*** Block opens ***
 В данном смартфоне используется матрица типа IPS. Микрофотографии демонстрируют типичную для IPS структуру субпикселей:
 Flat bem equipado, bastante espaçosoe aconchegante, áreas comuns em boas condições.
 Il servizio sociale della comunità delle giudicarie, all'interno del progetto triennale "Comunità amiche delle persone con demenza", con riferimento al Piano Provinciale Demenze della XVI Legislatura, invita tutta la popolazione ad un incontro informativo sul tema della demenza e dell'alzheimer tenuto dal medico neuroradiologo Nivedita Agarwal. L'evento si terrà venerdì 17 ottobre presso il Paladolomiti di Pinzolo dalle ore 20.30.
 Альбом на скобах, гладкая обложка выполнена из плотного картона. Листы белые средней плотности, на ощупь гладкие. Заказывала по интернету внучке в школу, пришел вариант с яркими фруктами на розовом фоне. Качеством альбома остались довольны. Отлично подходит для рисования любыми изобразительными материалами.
*** Block closes ***
*** Block opens ***
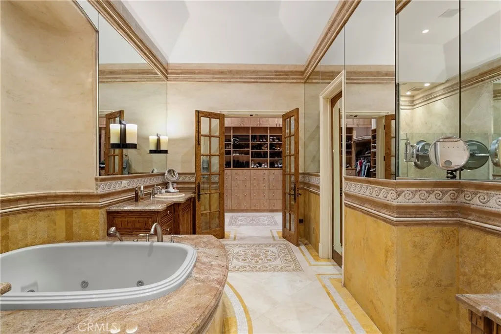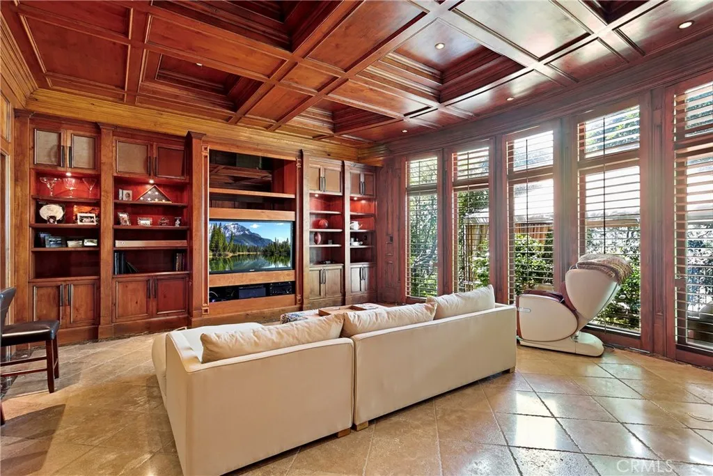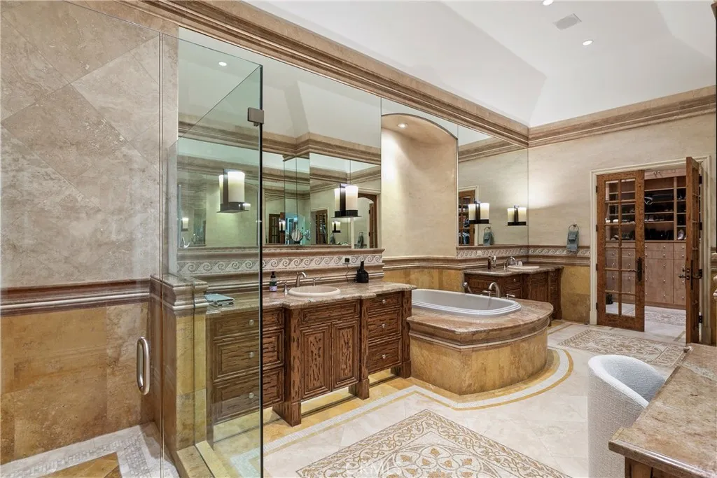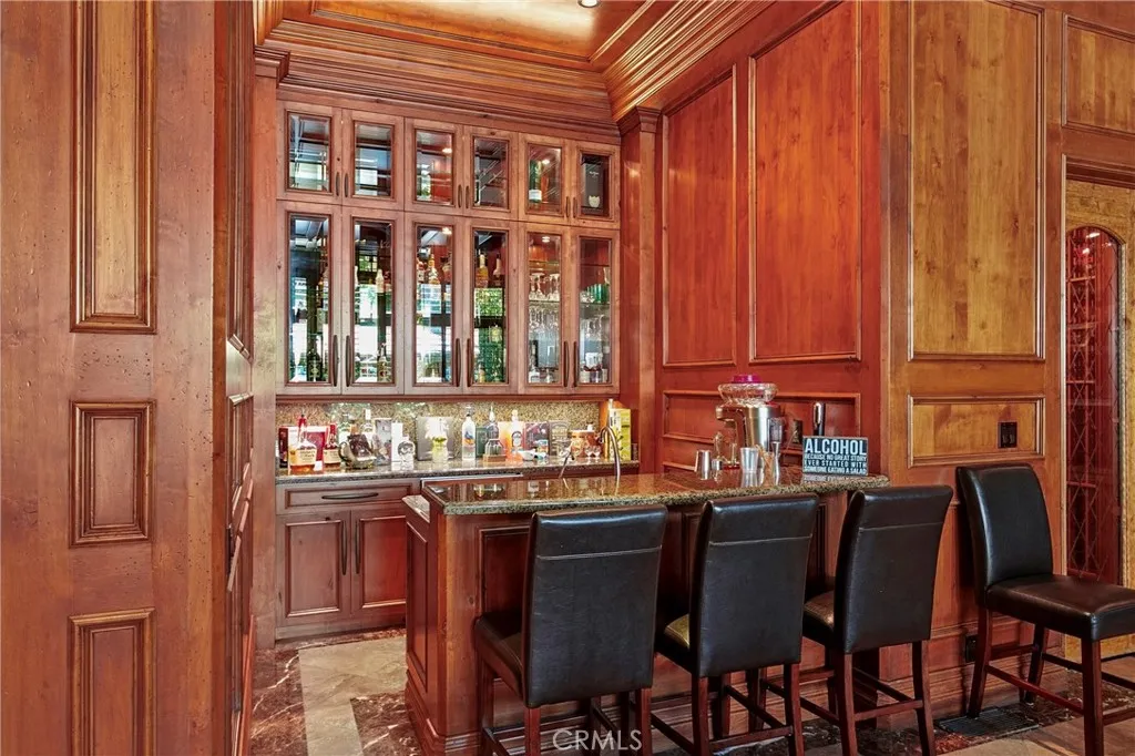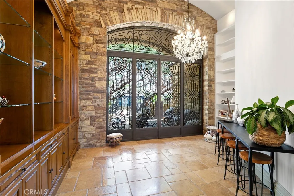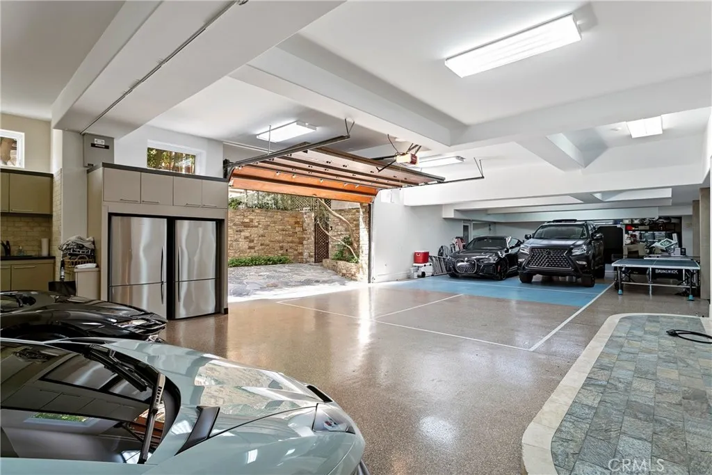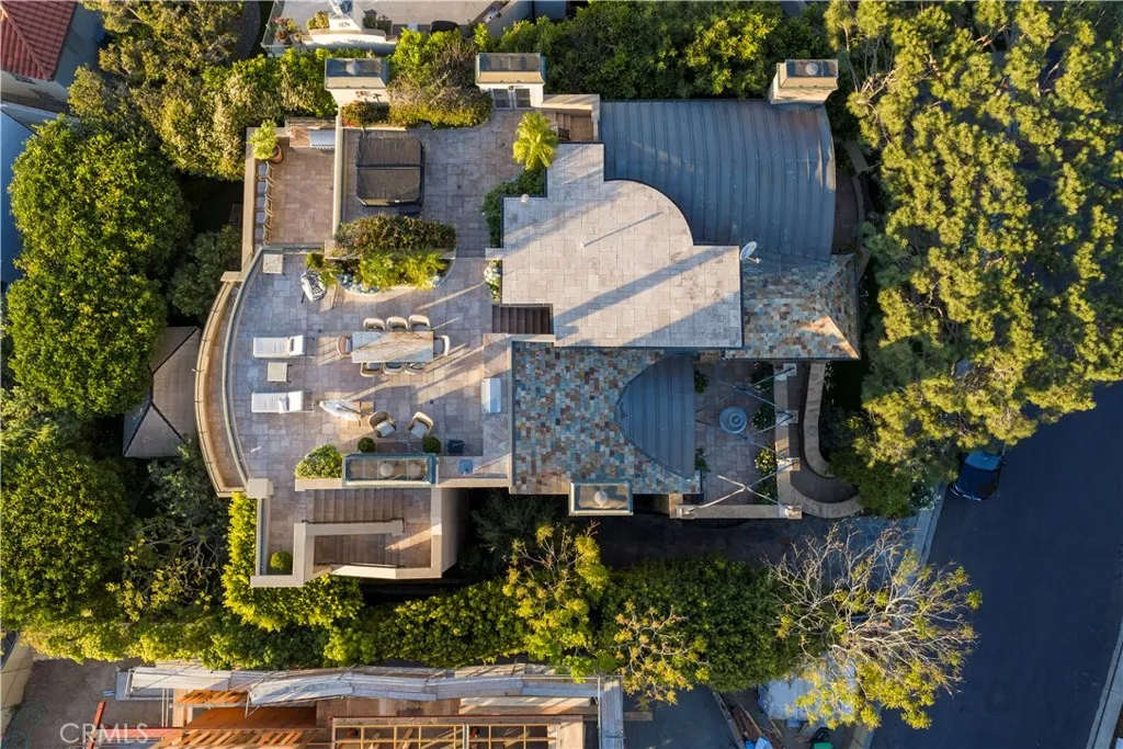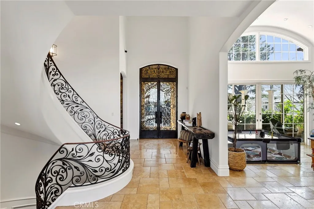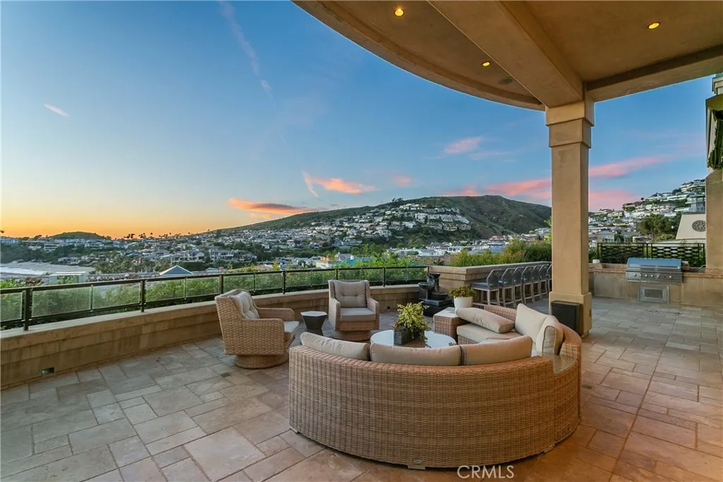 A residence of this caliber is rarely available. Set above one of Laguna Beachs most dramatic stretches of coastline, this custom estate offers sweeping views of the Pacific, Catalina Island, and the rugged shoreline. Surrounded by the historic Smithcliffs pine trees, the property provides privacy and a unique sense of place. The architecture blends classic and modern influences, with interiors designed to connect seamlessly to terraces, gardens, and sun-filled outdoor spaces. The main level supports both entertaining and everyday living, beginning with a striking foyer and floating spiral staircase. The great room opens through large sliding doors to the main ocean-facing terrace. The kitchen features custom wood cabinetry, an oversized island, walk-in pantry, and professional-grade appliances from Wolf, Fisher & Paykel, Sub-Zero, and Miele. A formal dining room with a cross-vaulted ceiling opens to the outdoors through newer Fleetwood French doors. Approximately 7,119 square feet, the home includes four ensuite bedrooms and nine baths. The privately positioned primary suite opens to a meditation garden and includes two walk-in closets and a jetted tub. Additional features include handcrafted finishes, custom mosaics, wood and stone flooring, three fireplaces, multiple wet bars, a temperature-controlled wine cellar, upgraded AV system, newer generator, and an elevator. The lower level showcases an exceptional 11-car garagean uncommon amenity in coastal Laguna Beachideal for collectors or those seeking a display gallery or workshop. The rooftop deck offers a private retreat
*** Block closes ***
*** Block opens ***
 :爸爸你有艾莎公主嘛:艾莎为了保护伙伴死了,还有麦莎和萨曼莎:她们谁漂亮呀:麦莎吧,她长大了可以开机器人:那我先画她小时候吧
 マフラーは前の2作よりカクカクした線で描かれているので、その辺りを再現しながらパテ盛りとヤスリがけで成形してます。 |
*** Block closes ***
Reproduce, character for character, only the lines of the preceding data that start at the line with "Flat bem equipado, bastante" and end at the line with "Альбом на скобах, гладкая", both included.

Task result >>
 Flat bem equipado, bastante espaçosoe aconchegante, áreas comuns em boas condições.
 Il servizio sociale della comunità delle giudicarie, all'interno del progetto triennale "Comunità amiche delle persone con demenza", con riferimento al Piano Provinciale Demenze della XVI Legislatura, invita tutta la popolazione ad un incontro informativo sul tema della demenza e dell'alzheimer tenuto dal medico neuroradiologo Nivedita Agarwal. L'evento si terrà venerdì 17 ottobre presso il Paladolomiti di Pinzolo dalle ore 20.30.
 Альбом на скобах, гладкая обложка выполнена из плотного картона. Листы белые средней плотности, на ощупь гладкие. Заказывала по интернету внучке в школу, пришел вариант с яркими фруктами на розовом фоне. Качеством альбома остались довольны. Отлично подходит для рисования любыми изобразительными материалами.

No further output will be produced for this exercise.